_THE TASK_
Write out exactly the lines from the one with "Ocean jasper is" through the last line of the data below, but not the pictures.

(DATA SECTION Opens)

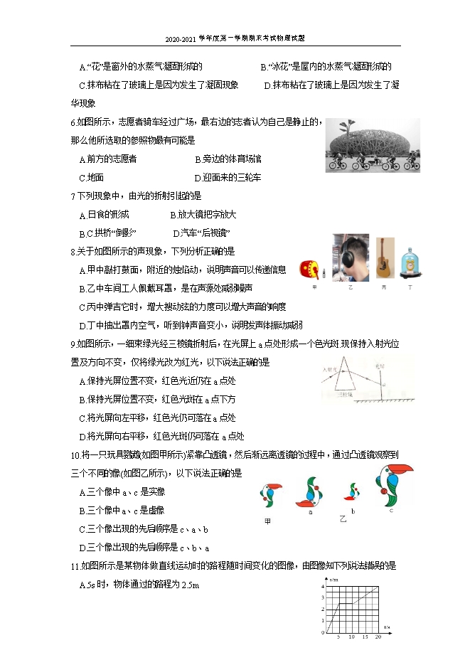 【内容简介】1.下列关于声音的说法中正确的是A.“低声轻语”主要说明了声音的音调低 B.“尖声尖叫”主要说明了声音的音调高C.“震耳欲聋”主要说明了声音的音调高 D.“闻其声而知其人”主要是根据音调来判断的2.下列几种估测最符合实际情况的是A人步行的速度约为1.4 m/min B.正常人的脉搏为70HzC.课桌的高度约为75dm D.全新的2B铅笔长约18cm3.有些物理量的大小不易直接观测,但它变化时引起其它量的变化却容易直接观测,用易观测的量显示不易观测的量是研究物理问题的一种方法,例如:发声音叉的振动可以通过激起水花来体现.以下实例中采用的研究方法与上述方法相同的是A.研究光现象时,引入光线用来描述光的传播路径和方向B.研究熔化现象时,比较冰、蜂蜡的熔化特点C.液体温度计利用液柱长度的变化来显示温度高低D.研究平面镜成像时,为了比较像与物体的大小,选用两支相同的蜡烛4.秋季的一个周末,地处江南地区的阳天气又闷又热,小明听天气预报说北方有一股弱冷空气南下,江南地区将会有一场小雨,气象台这样说的理由是A.江南地区的暖湿气流中有大量的水蒸气,水蒸气遇到冷空气迅速液化,形成降雨B.冷空气中有大量的水蒸气,遇到江南地区的暖湿气流,迅速液化,形成降雨C.冷空气把北方的水森气带到了江南地区D.江南地区的这场小与冷空气的到来无关5.北方塞冷的冬天,居民楼的玻璃上会结“冰花”,当拿起湿抹布去擦时,抹布却粘在了玻璃上,以下对上述现象的分析正确的是A.“花”是窗外的水蒸气凝固形成的 B.“冰花”是屋内的水蒸气凝固形成的C.抹布粘在了玻璃上是因为发生了凝固现象 D.抹布粘在了玻璃上是因为发生了凝华现象 6.如图所示,志愿者骑车经过广场,最右边的志者认为自己是静止的,那么他所选取的参照物最有可能是A.前方的志愿者 B.旁边的体育场馆C.地面 D.迎面来的三轮车7下列现象中,由光的折射引起的是A.日食的形成 B.放大镜把字放大 B.C.拱桥“倒影” D.汽车“后视镜”8.关于如图所示的声现象,下列分析正确的是A.甲中敲打鼓面,附近的烛焰动,说明声音可以传递信息B.乙中车间工人佩戴耳罩,是在声源处减弱噪声C.丙中弹吉它时,增大搜动弦的力度可以增大声音的响度D.丁中抽出罩内空气,听到钟声音变小,说明发声体振动减弱9.如图所示,一细束绿光经三棱镜折射后,在光屏上a点处形成一个色光斑.现保持入射光位置及方向不变,仅将绿光改为红光,以下说法正确的是A.保持光屏位置不变,红色光近仍在a点处B.保持光屏位置不变,红色光斑在a点下方C.将光屏向左平移,红色光仍可落在a点处 D.将光屏向右平移,红色光斑仍可落在a点处
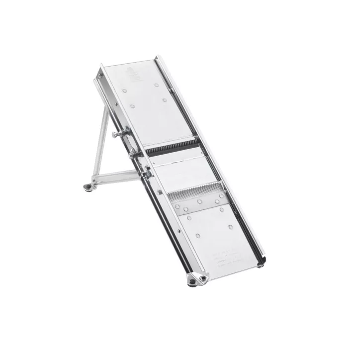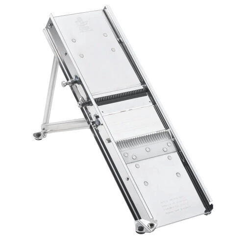 - Includes: (1) serrated blade and (1) double sided julienne blade: one side with (30) teeth, 3 mm spacing; and one side with (10) teeth, 10 mm spacing
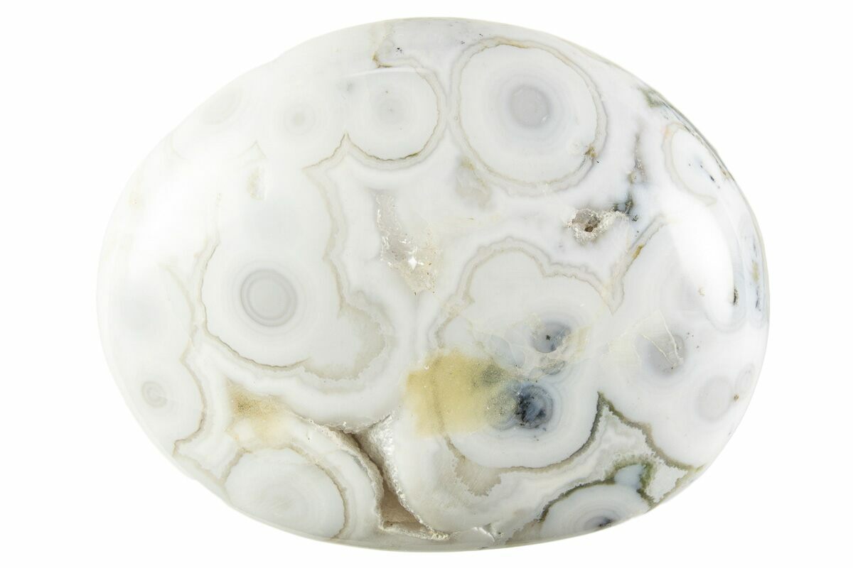 Ocean jasper is a rare type of silicified rhyolite (considered both an agate and a jasper), mined in a single location on the Ambolobozo Peninsula of northern Madagascar. The deposits are found on the coastline, hence the name, and can only be reached by boat and mined during low tide. The deposit formed as a rhyolite flow, but has been completely silicified. The rhyolitic eyes or orbs come in an astonishing array of colors and color combinations. The backgrounds can be white, pink, green, red, or yellow. Botryoidal formations as well as white and deep green druzy are also common.
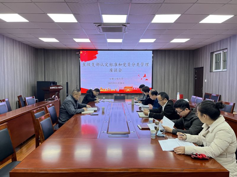 11月29日下午,校党委常委、党委组织部部长王弘在 亚洲色图 调研星级支部认定和党员分类管理工作。 亚洲色图 党委书记郭广春、副书记方玖胜以及组织员陈希、材科专业学生党支部书记田园,纺织服装学院党委副书记梁雪松,团委书记陈倩参加调研座谈会。

(DATA SECTION Closes)

_ANSWER BELOW_
 Ocean jasper is a rare type of silicified rhyolite (considered both an agate and a jasper), mined in a single location on the Ambolobozo Peninsula of northern Madagascar. The deposits are found on the coastline, hence the name, and can only be reached by boat and mined during low tide. The deposit formed as a rhyolite flow, but has been completely silicified. The rhyolitic eyes or orbs come in an astonishing array of colors and color combinations. The backgrounds can be white, pink, green, red, or yellow. Botryoidal formations as well as white and deep green druzy are also common.
 11月29日下午,校党委常委、党委组织部部长王弘在 亚洲色图 调研星级支部认定和党员分类管理工作。 亚洲色图 党委书记郭广春、副书记方玖胜以及组织员陈希、材科专业学生党支部书记田园,纺织服装学院党委副书记梁雪松,团委书记陈倩参加调研座谈会。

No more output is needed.